» **THE DATA**:
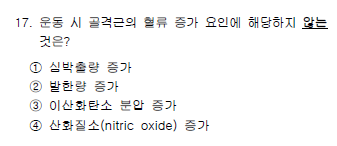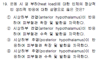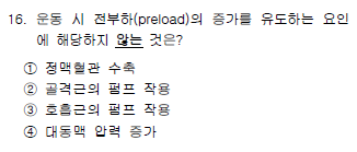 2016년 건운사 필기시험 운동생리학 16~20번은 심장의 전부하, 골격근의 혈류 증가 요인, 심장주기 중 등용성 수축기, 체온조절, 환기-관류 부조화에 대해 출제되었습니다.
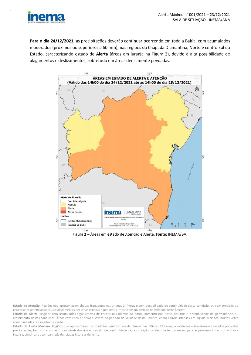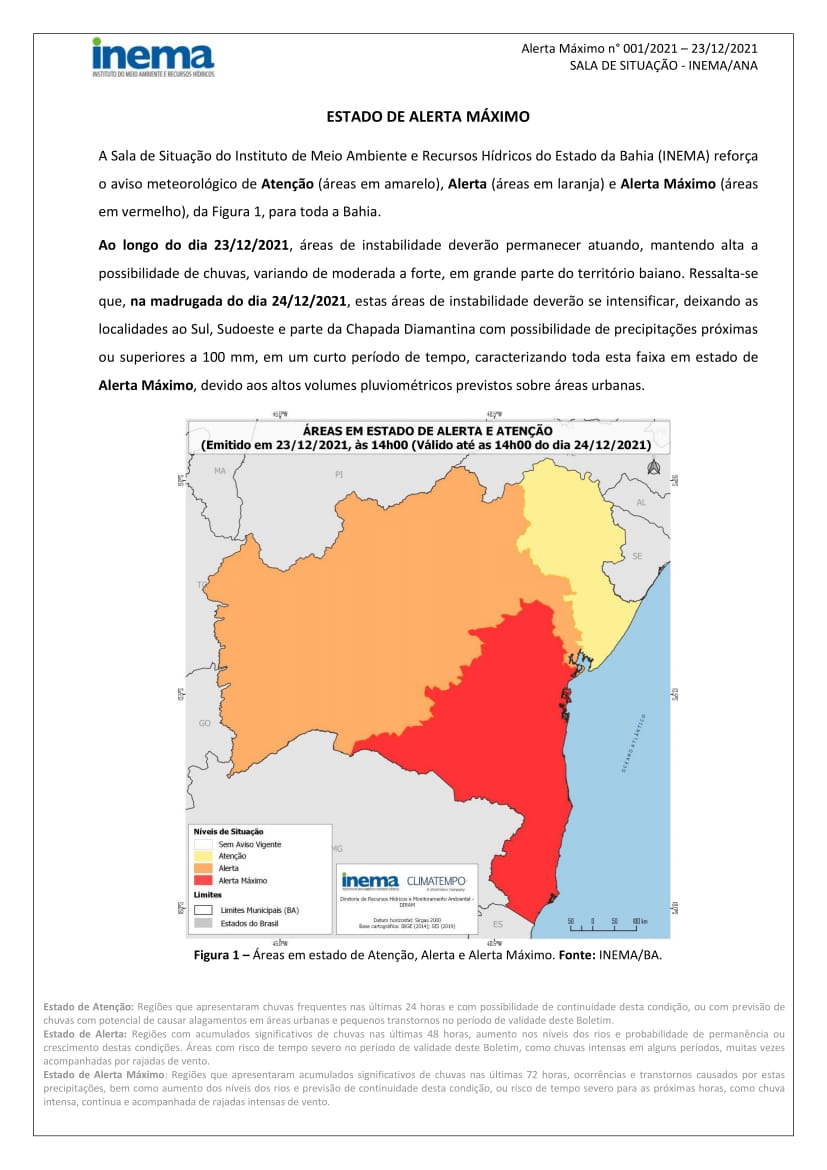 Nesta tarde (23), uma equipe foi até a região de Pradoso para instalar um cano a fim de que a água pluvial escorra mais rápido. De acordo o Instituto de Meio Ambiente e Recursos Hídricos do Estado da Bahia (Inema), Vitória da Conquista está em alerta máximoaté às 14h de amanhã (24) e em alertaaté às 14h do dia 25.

==

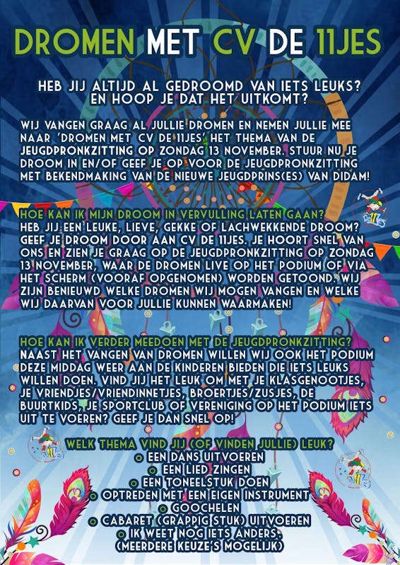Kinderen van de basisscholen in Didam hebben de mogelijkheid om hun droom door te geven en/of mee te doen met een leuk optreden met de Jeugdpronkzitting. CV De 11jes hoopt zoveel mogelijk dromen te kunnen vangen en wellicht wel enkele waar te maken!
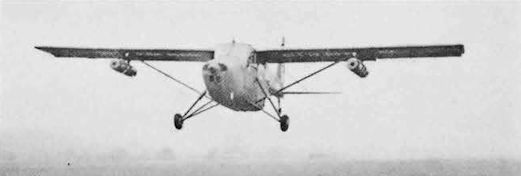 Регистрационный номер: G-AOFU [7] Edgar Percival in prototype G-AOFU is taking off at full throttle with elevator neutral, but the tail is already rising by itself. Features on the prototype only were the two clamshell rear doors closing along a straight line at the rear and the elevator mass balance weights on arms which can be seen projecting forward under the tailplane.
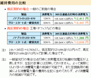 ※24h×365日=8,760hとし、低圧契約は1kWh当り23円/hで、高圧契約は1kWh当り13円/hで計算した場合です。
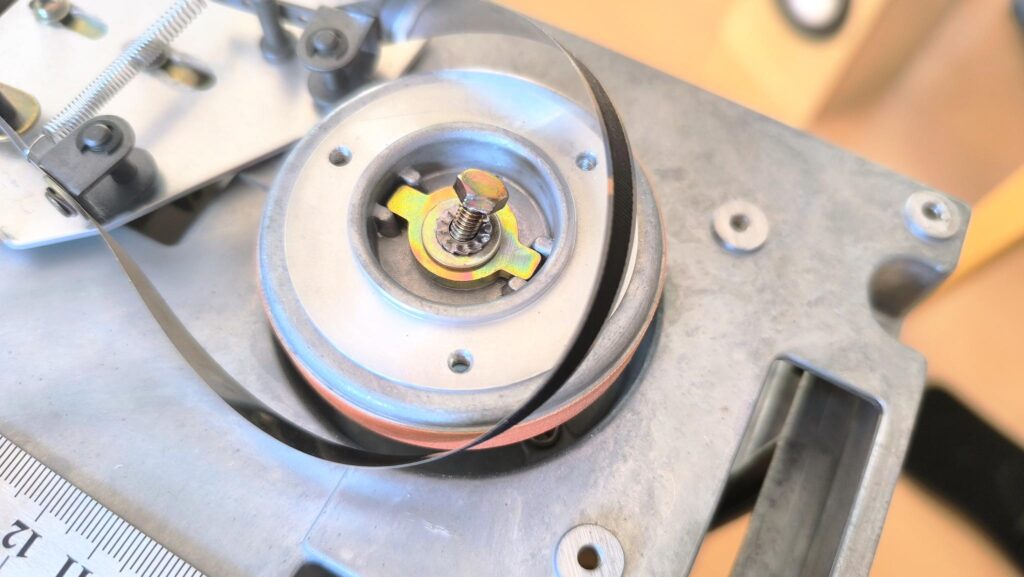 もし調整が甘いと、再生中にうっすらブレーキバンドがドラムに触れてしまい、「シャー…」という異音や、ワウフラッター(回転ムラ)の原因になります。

» **WORK INSTRUCTION**: Write down exactly what the lines above say, from the line holding "Kinderen van de" through the line holding "もし調整が甘いと、再生中にう", and nothing more. Do not copy the pictures.

» **TASK RESPONSE**:
Kinderen van de basisscholen in Didam hebben de mogelijkheid om hun droom door te geven en/of mee te doen met een leuk optreden met de Jeugdpronkzitting. CV De 11jes hoopt zoveel mogelijk dromen te kunnen vangen en wellicht wel enkele waar te maken!
 Регистрационный номер: G-AOFU [7] Edgar Percival in prototype G-AOFU is taking off at full throttle with elevator neutral, but the tail is already rising by itself. Features on the prototype only were the two clamshell rear doors closing along a straight line at the rear and the elevator mass balance weights on arms which can be seen projecting forward under the tailplane.
 ※24h×365日=8,760hとし、低圧契約は1kWh当り23円/hで、高圧契約は1kWh当り13円/hで計算した場合です。
 もし調整が甘いと、再生中にうっすらブレーキバンドがドラムに触れてしまい、「シャー…」という異音や、ワウフラッター(回転ムラ)の原因になります。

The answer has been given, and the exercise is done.